- Location: Abbotsford, British Columbia
- Coordinates: 49°07′25″N 122°08′35″W﻿ / ﻿49.12361°N 122.14306°W
- Basin countries: Canada
- Max. length: 360 m (1,180 ft)
- Max. width: 240 m (790 ft)
- Surface elevation: Approx. 660 m (2,170 ft)

= Chadsey Lake =

Lake in British Columbia, Canada

Chadsey Lake is located on Sumas Mountain near Abbotsford, British Columbia.

==Name==
Chadsey Creek flows into the lake and was named in 1939, after pioneer William Harvey Chadsey, son of William Chadsey and Mary Jane Town (One undated provincial reference map marks it as "Lost Creek").

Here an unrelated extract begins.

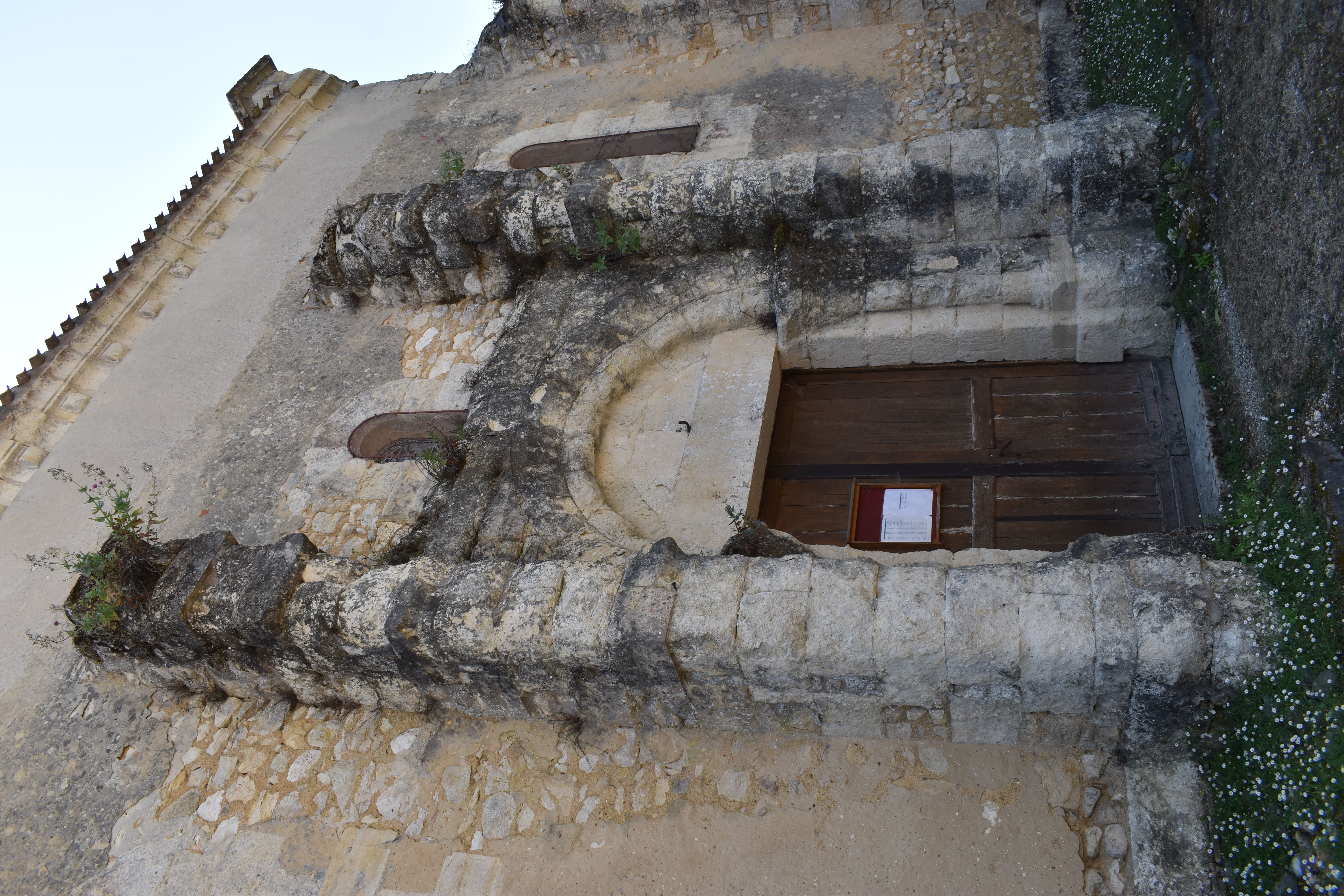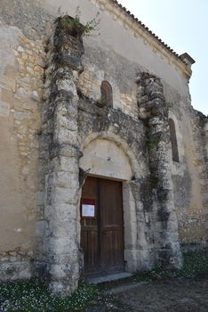 La porte principale s’ouvre sur la nef, au nord. Dotée d’un tympan sans décor, elle est encadrée par deux colonnettes couronnées de chapiteaux.

Chadsey died at Chilliwack General Hospital on July 16, 1940 at age 73. He was the third of four brothers who farmed in the area in the last half of the 19th Century.

==Location==
The lake is in the north part of Sumas Mountain Regional Park, on the north-facing slope of Sumas Mountain.

From the starting point at Batt Road, it is about a 5 km hike to the lake. In the middle of the lake, there is an island.

By Batt Road there is a motor biking trail. Then there is a small hill where people climb and enter the wooded area leading to the lake.